Sandra Westermann lebt das Modell "Kind und Karriere" durch die Gründung von "Superheldin" gerade selber durch und durch. Und weiß daher nur allzu gut, wie schwer es sein kann, alles unter einen Hut zu bringen. Ihr Rat: Sich ein gutes Netzwerk aus Familie, Freunden und Babysittern aufzubauen, falls mal ein Engpass oder Notfall auftreten sollte. "Jede Mutter hat den Kopf nur dann wirklich frei, wenn sie weiß, dass ihr Kind gut versorgt ist. Zudem sollte man sich auch bewusst machen, dass Vereinbarkeit mal besser, mal schlechter funktioniert. Jede Mutter, die gerne arbeitet, weiß, dass es häufig ein Spagat ist. Ich versuche, auf mein Gefühl zu hören und im Zweifelsfall Inseln zu schaffen, um Zeit mit meiner Familie zu verbringen." Ein weiterer wichtiger Punkt: Mamas wollen sich häufig gerne beweisen und es allen Recht machen. Nicht selten tappen sie dabei in die Perfektionsfalle und setzen sich selber viel zu sehr unter Druck. Aber ein Arbeitsleben mit Kind sieht nun einmal anders aus wie ein Arbeitsleben ohne Kind. Oder wie die ehemalige Bundesministerin für Familie, Renate Schmidt, es kürzlich in einem Interview mit dem "Zeit Magazin" auf den Punkt brachte: "Man kann nicht gleichzeitig hundertprozentige Berufsfrau, hundertprozentige Mutter, hundertprozentige Partnerin sein ... dann wird man ein dreihundertprozentiges Wrack!" Mamas brauchen nicht nur gute Jobs mit flexibler Zeiteinteilung. Sie brauchen auch Unterstützung, Wertschätzung und wie es neudeutsch so schön heißt "Empowerment".

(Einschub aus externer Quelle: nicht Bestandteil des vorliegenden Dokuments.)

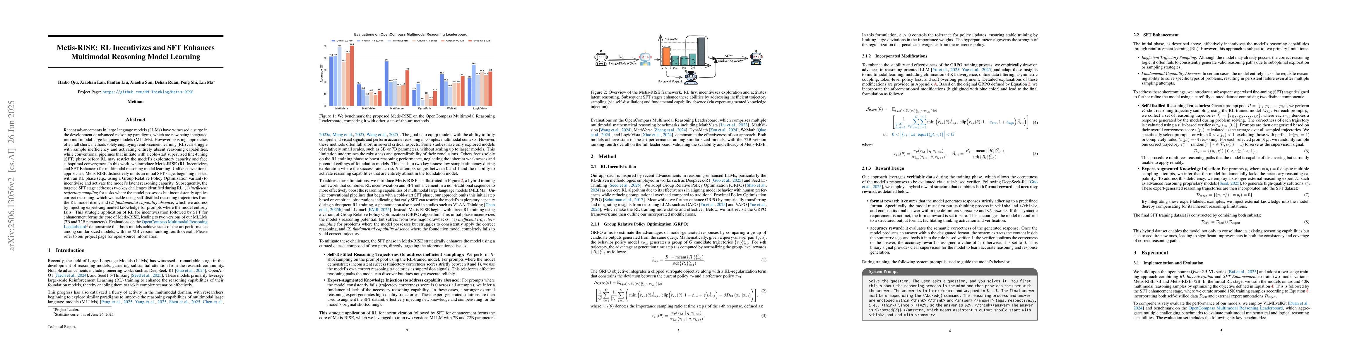 Metis-RISE introduces a novel training strategy that combines RL for incentivizing reasoning and SFT for enhancing capabilities, leading to superior multimodal reasoning performance.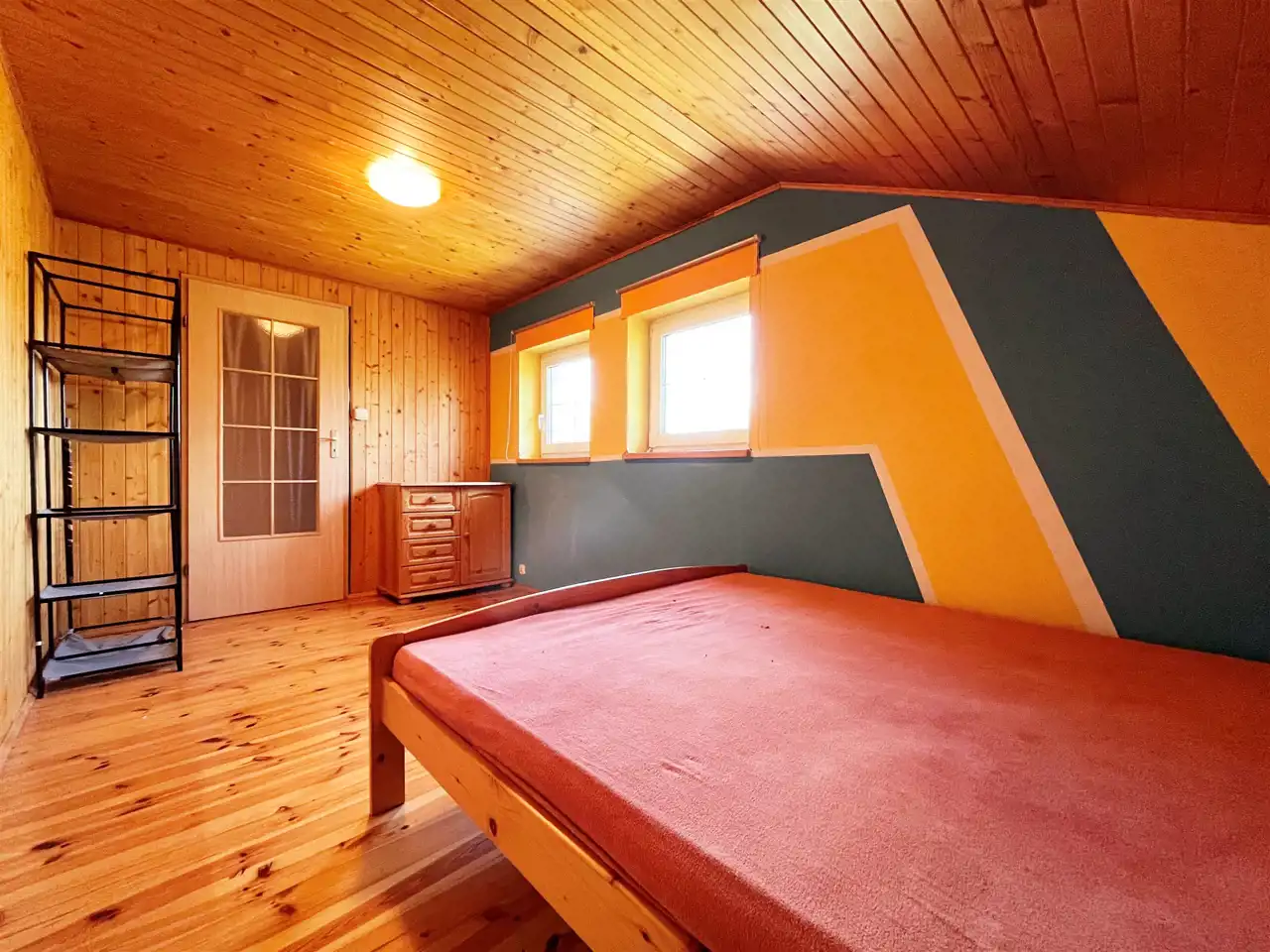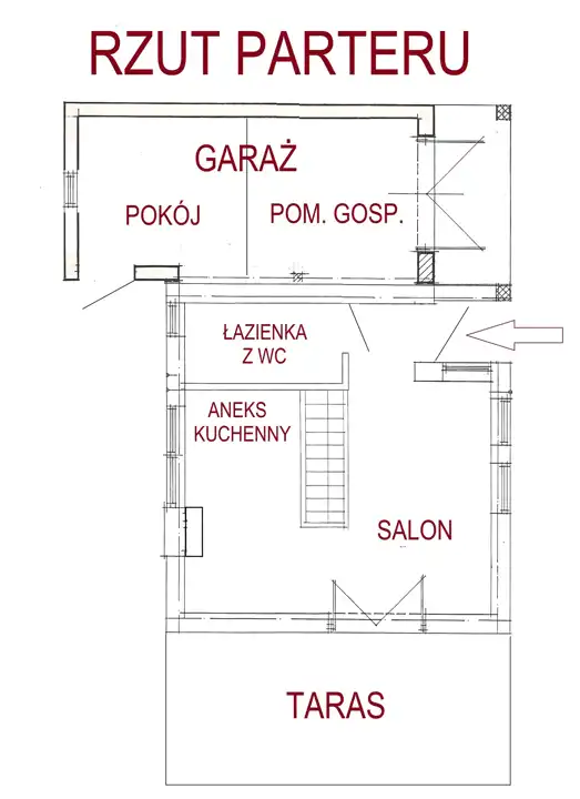 - garaż (pow. ok. 20 m2) obecnie podzielony lekką ścianką na 2 pomieszczenia: pokój ok. 10 m2 z zewnętrznym wejściem oraz pomieszczenie gospodarcze o pow. ok. 10 m2;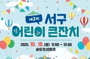 (포탈뉴스통신) 제2회 서구 어린이 큰잔치가 오는 10월 18일 오전 11시부터 오후 3시까지 송도오션파크 힐링의 광장에서 열린다. 올해에는 공연·체험·놀이행사와 부대행사, 연계행사 등이 다채롭게 펼쳐진다. 무대에서는 아이들의 눈높이에 맞춰 키즈 EDM 파티, 어린이 치어리딩, 태권도시범단 공연, 마술 & 저글링 쇼 등이, 32개 체험·홍보 부스에서는 목공예, 디퓨저 만들기, 풍선아트, 심폐소생술 교육 등이 진행된다. 놀이마당에서는 마음껏 뛰놀 수 있는 에어바운스와 공룡 미로찾기, 모형물고기 낚시놀이, 블록놀이 등을 즐길 수 있다. 또한 스탬프투어를 통해 참여 어린이들에게 홍보기념품을 선사한다. 부대행사로는 아이들이 끼와 재능을 발산할 수 있는 ‘꿈끼! 장끼! 대회’와 ‘도전! 아동권리 퀴즈왕’이 진행되는데 참가자에게는 기념품을 제공한다. 또 연계 행사인 전통놀이마당‘너나들이 놀이터(사전 접수)’와‘원북원 부산 올해의 책’ 교환 ‘송도사랑 알뜰도서 교환전(헌책 지참)’, 2025년 서구사랑 가족사진 공모전 수상작 전시회도 기대를 모은다. 공한수 서구청장은“아이들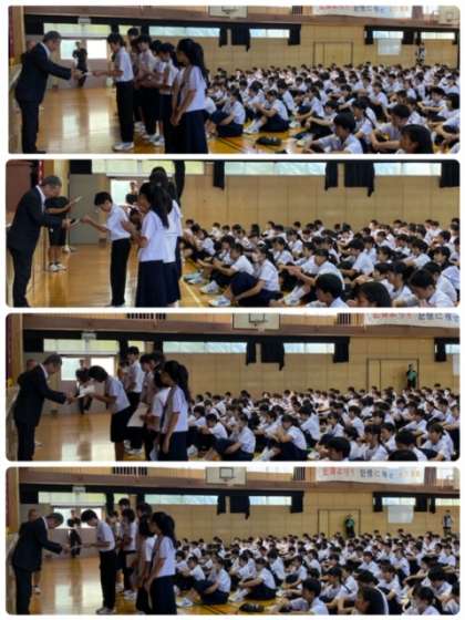 校長先生から代表生徒が認証状を受取りました。学校・学級のために頑張ってくれることを期待しています。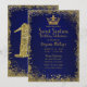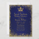 Invitation Couronne scintillante bleue royale et or pour fête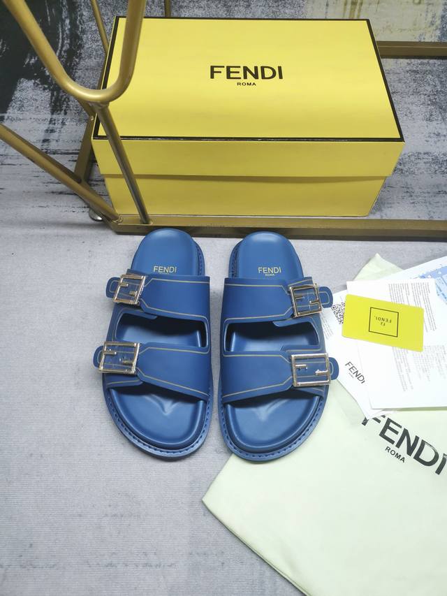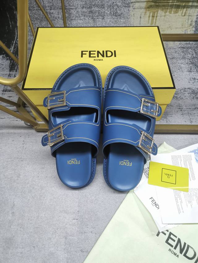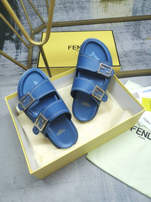 fendi最新爆款双带平底拖鞋,带ff装饰性搭扣,蓝色牛皮+边缘饰有雕刻,35-45码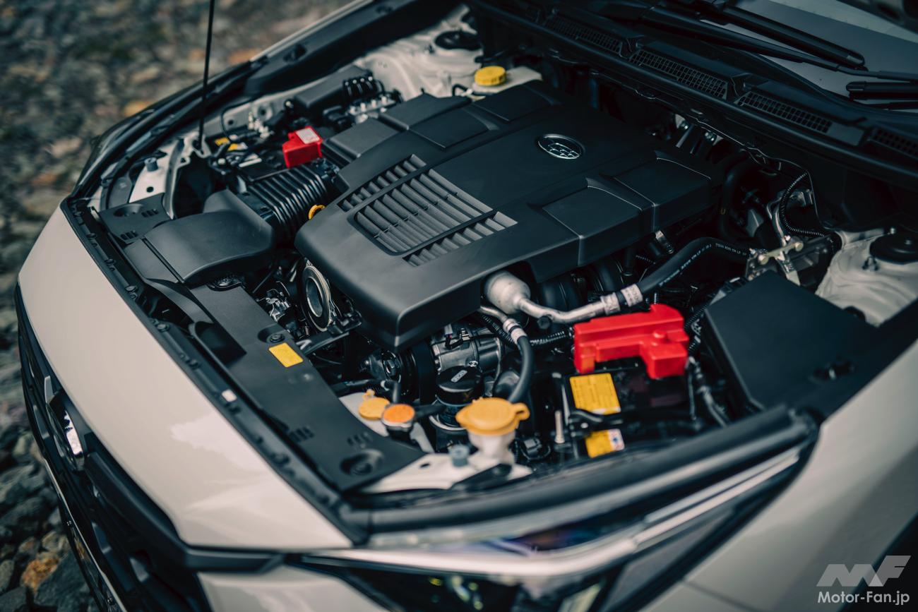 AWDとFWDという駆動方式の違い以外は、エンジンやトランスミッションなどのメカニズムは基本的に全車共通となっている。ドライブトレーンはハイブリッドのe-BOXER、トランスミッションはCVTのリニアトロニックのみだ。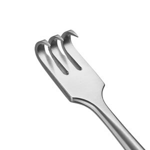 Retractor with  angled, blunt end and, at the opposite end, facing the opposite direction it has a three prong, sharp rake tip.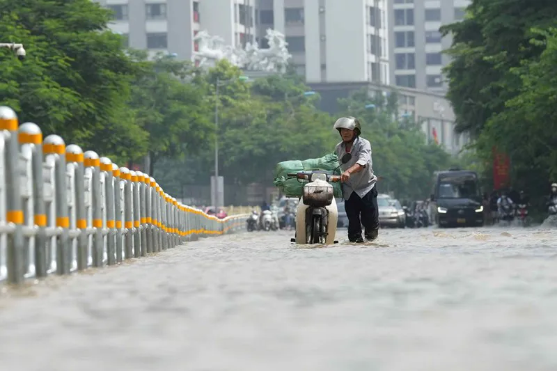 Flooding on Vo Chi Cong Street. Photo: Laodong.vn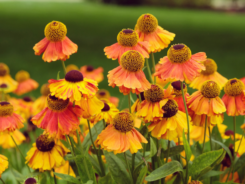 Helenium, or sneezeweed, is a brilliant late-season flower with its fiery red, orange, and yellow blooms. It starts to bloom in mid-summer and continues into the fall, making it a perfect addition to any garden looking for vibrant color as the season winds down.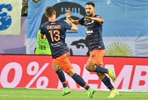 | Gaetan Laborde (droite) après avoir marqué le deuxième but de Montpellier contre Marseille en Ligue 1 le 8 août à La Mosson à Montpellier. |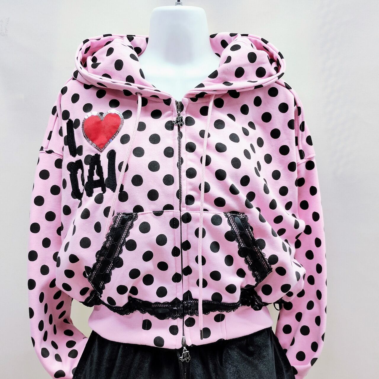 ポップな水玉柄を愛するあなたに最適な「キャンディガルフィー CANDYGALFY ポップポップパーカー ピンク Fサイズ」で、楽しいおしゃれを楽しんでみませんか!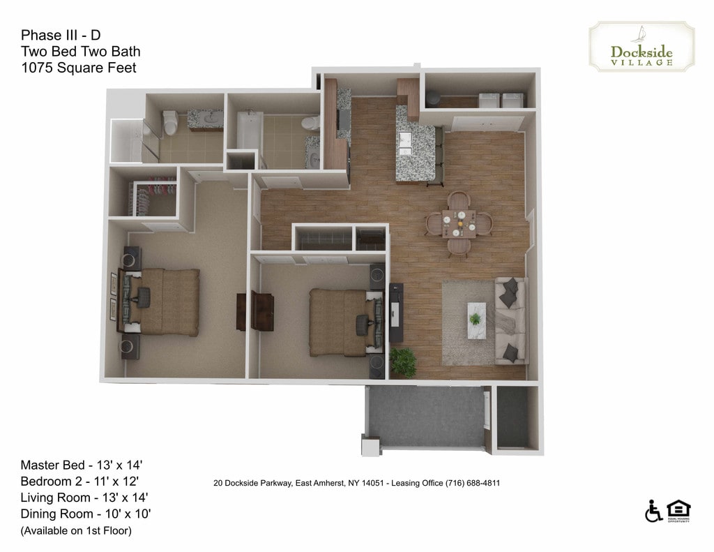 2 Beds, 2 Baths, 1075 sq ftAvailable NowModel Gallery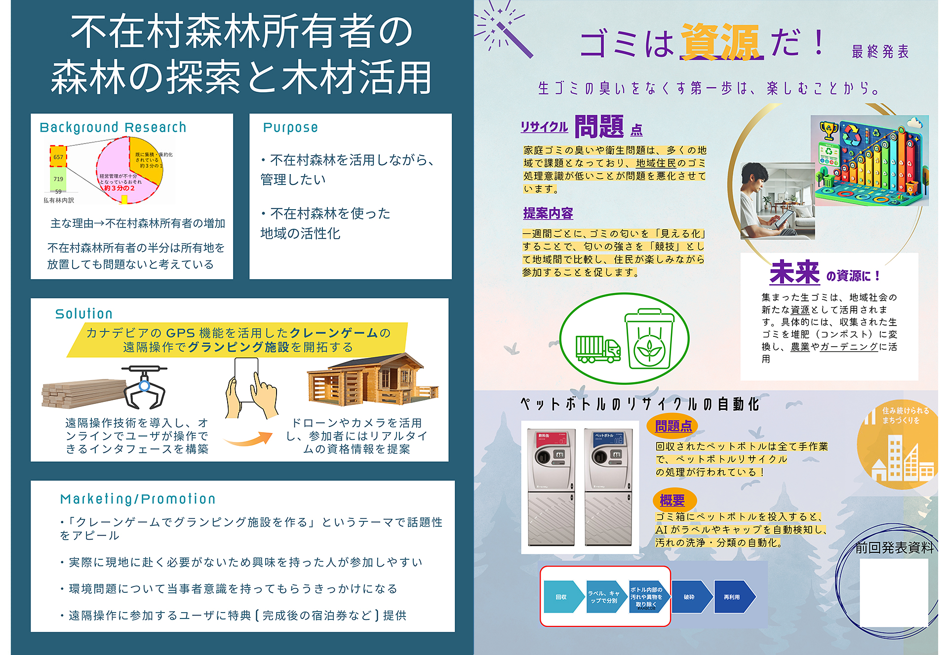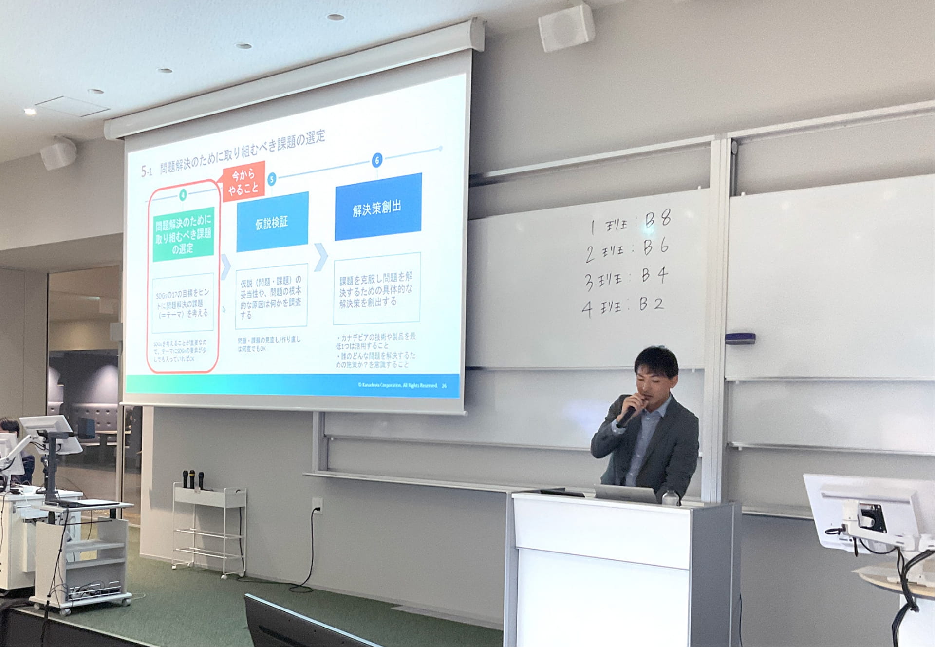 三宅雅人副学長・社会共創推進本部長による「QULTIVA」「デザイン思考」講義の後は、いよいよグループワークによる社会課題への取り組みが始まりました。テーマを提供してくださったのは、OIC H棟4階の社会共創拠点「Co-Creation Hub with Ritsumeikan」のブース(プロジェクトルーム)に入居し、すでに大学とのさまざまなプロジェクトに取り組んでいるカナデビア株式会社(旧 日立造船株式会社)です。取締役・常務執行役員の橋爪宗信氏、ICT推進本部 デジタル戦略企画室の山下智史氏のお二人が、最後まで授業に参加してくださいました。同社はごみ焼却発電施設や、造水および浄水などの水処理プラントやシステムなどを中心とした環境事業を主に展開しており、環境関連の分野で高い存在感を示しています。最初の授業で同社の沿革や事業内容の説明があり、次の回で同社が考えてほしい社会課題の大きなテーマが提示されました。その中から学生が選んだのは「地方再生」「離島や過疎地域のコンパクト/スマートシティ」「林業」「茨木市内でのごみ・水の循環」の4つです。

So funktioniert das Jobportal "Superheldin":

- Unternehmen können ihre Jobgesuche oder ein Firmenporträt auf der Plattform einstellen und sich gezielt auf die Suche nach motivierten, berufserfahrenen Müttern machen. Vorab wird durch einen Fragebogen abgeklopft, wie familienfreundlich die Firmen sind.
- Mütter können sich kostenlos auf die Inserate bewerben. Und sich sicher sein, dass sie sich nicht umsonst bewerben, da gezielt flexible Jobmodelle ausgeschrieben sind.
- Gesucht wird in allen Bereichen – von der Juristin über die Erzieherin bis hin zur Assistentin der Geschäftsführung.